Her work on discovering signature oligos, which resulted in software being used daily at Agriculture and Agri-Food Canada, has also been used to complete the validation of an array for all Phytophthora species, with high impact for forestry (as one of the species is the causal agent of the sudden oak death which is devastating California), for marine sciences (it has been used to monitor biodiversity in Hawaïian coral reefs), for entomology (for characterizing biting flies) and for detecting fraudulent fish sales. Her present research focuses on grammar induction for under-resourced languages and other solidarity vs. domination-promoting uses of AI, e.g. programming our way out of social and ecological catastrophes; making logical reasoning and trustworthy coding skills more universally available.

===Most Significant Scholarly Publications===
1. Language-proficient Knowledge Bases and the World Wide Web
2. Intelligent methodologies for Life Sciences, in particular Molecular Biology
3. Properties as constraints—from parsing to cognitive modeling
4. Integrating high level methodologies into a new language: HYPROLOG

==Honors and awards==
Dahl has received many honors and awards in her career. In 1994, Dahl received the Calouste Gulbenkian Award for Science and Technology. In 1997, she was named as one of the founding members in logic programming by the Association for Logic Programming.
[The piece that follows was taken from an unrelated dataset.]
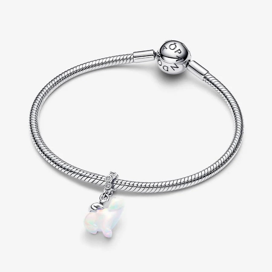 Celebrate love and connection with this sterling silver Polar Bear Mother & Cub dangle Pandora charm. Featuring a mother cradling her cub, adorned with aurora lab-grown opal resin and sparkling cubic zirconia, it’s a heartfelt symbol of affection.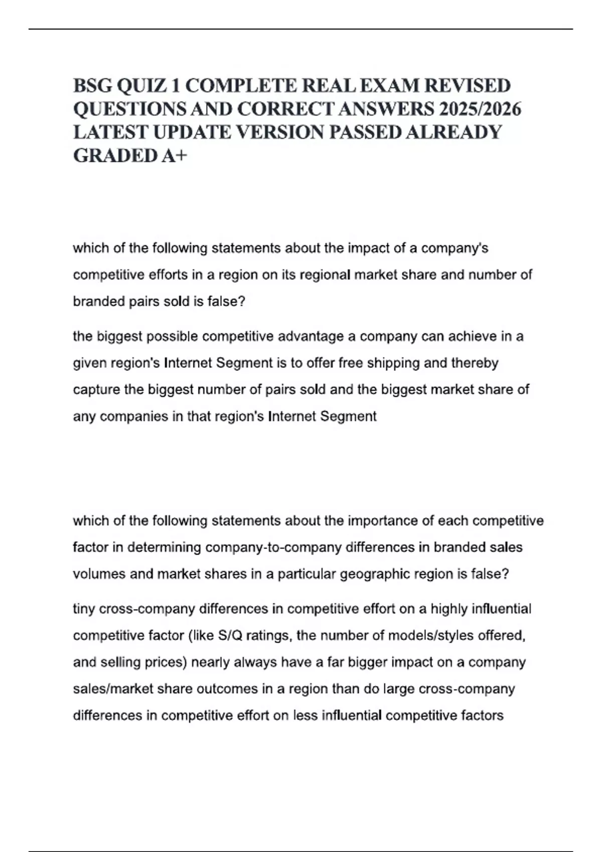 BSG QUIZ 1 COMPLETE REAL EXAM REVISED QUESTIONS AND CORRECT ANSWERS

In 2009, she received the Best Paper Award at the Third International Work-Conference on the Interplay between Natural and Artificial Computation (2009).

==Books==
- (1989) Abramson, H. & Dahl, V. Logic Grammars. Springer.

==Literary works==
===Prose===
- (1999) Love to Hide, Love to Invent. First Prize in the Prose Category, Cecilia Lamont Literary Contest.
- (2000) Detour. First Prize, Crime55 literary contest.
- (2000) A Case of Possession. First Prize in the Prose Category, Cecilia Lamont Literary Contest.

===Poetry===
- (2000) Wholeness. Finalist of the 11th Annual Poetry contest, Hope Writers Guild.
- (2000) Life Tides. Finalist of the Millenium 2000 Poetry contest.